11 septembre 2001. New York. Le monde change brutalement. Armés de leur caméscope ou de leur appareil photo numérique, plusieurs citoyens anonymes capturent des images de l’effondrement des tours jumelles du World Trade Center. Le lendemain du drame, les médias recevront ces images provenant de citoyens encore hébétés des événements de la veille.
26 décembre 2004. Un tsunami ravage les côtes thaïlandaises. Quelques heures à peine après ce triste événement, les blogues ainsi que les services d’hébergement et de partage de photographies commencent à recevoir les premiers clichés montrant l’ampleur de la catastrophe. Les images vidéos suivront rapidement.

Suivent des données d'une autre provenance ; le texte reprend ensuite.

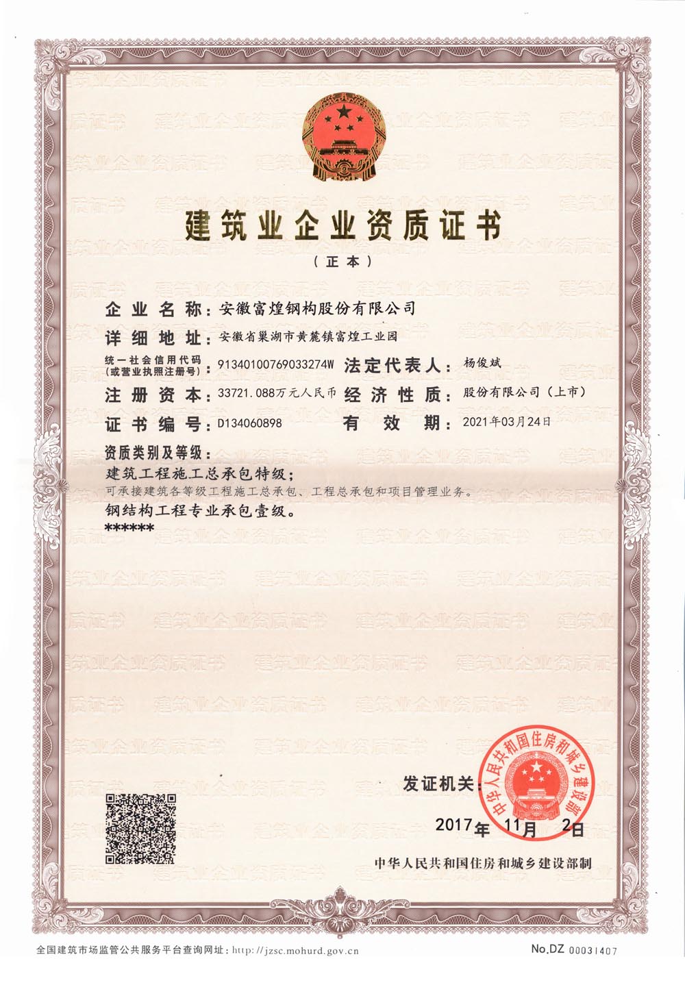 安徽富煌钢构股份有限公司安徽省钢结构协会会长单位

7 juillet 2005. Quelques minutes à peine après les premières explosions dans le métro londonien, la vénérable BBC recevait ses premières images et séquences vidéos de l’attentat tournées avec des simples photo-téléphones.
Avec la démocratisation des technologies, il suffit au citoyen d’aujourd’hui « d'être au bon endroit au bon moment. De saisir son appareil numérique ou son téléphone. Et de prendre contact avec un site Internet (…) pour négocier au mieux ses clichés. » (1)
Et bien que frappant moins l’imaginaire que ces images souvent spectaculaires, l’écrit citoyen peut aussi aiguiller et alimenter les médias traditionnels vers des histoires d’une ampleur insoupçonnée.
Passons outre l’exemple archi-connu de Matt Drudge et Monica Lewinski et pensons plutôt au Rathergate, cette histoire de faux documents qui ont valu au journaliste Dan Rather une retraite anticipée dans le déshonneur. Ou encore aux révélations contenues dans le billet dévastateur du blogueur Lane Hudson, qui révélait la double vie du représentant républicain de Floride Mark Foley, et qui ont probablement eu un impact sur l’issue des élections de mi-mandat aux É.-U. en 2006.
Mais entre ces exemples de « journalisme citoyen » que nous avons voulu délibérément spectaculaires, et de courts billets publiés sur des blogues à l’audience confidentielle, existe un univers où plusieurs citoyens se regroupent afin de couvrir et commenter des sujets trop souvent délaissés par les médias traditionnels.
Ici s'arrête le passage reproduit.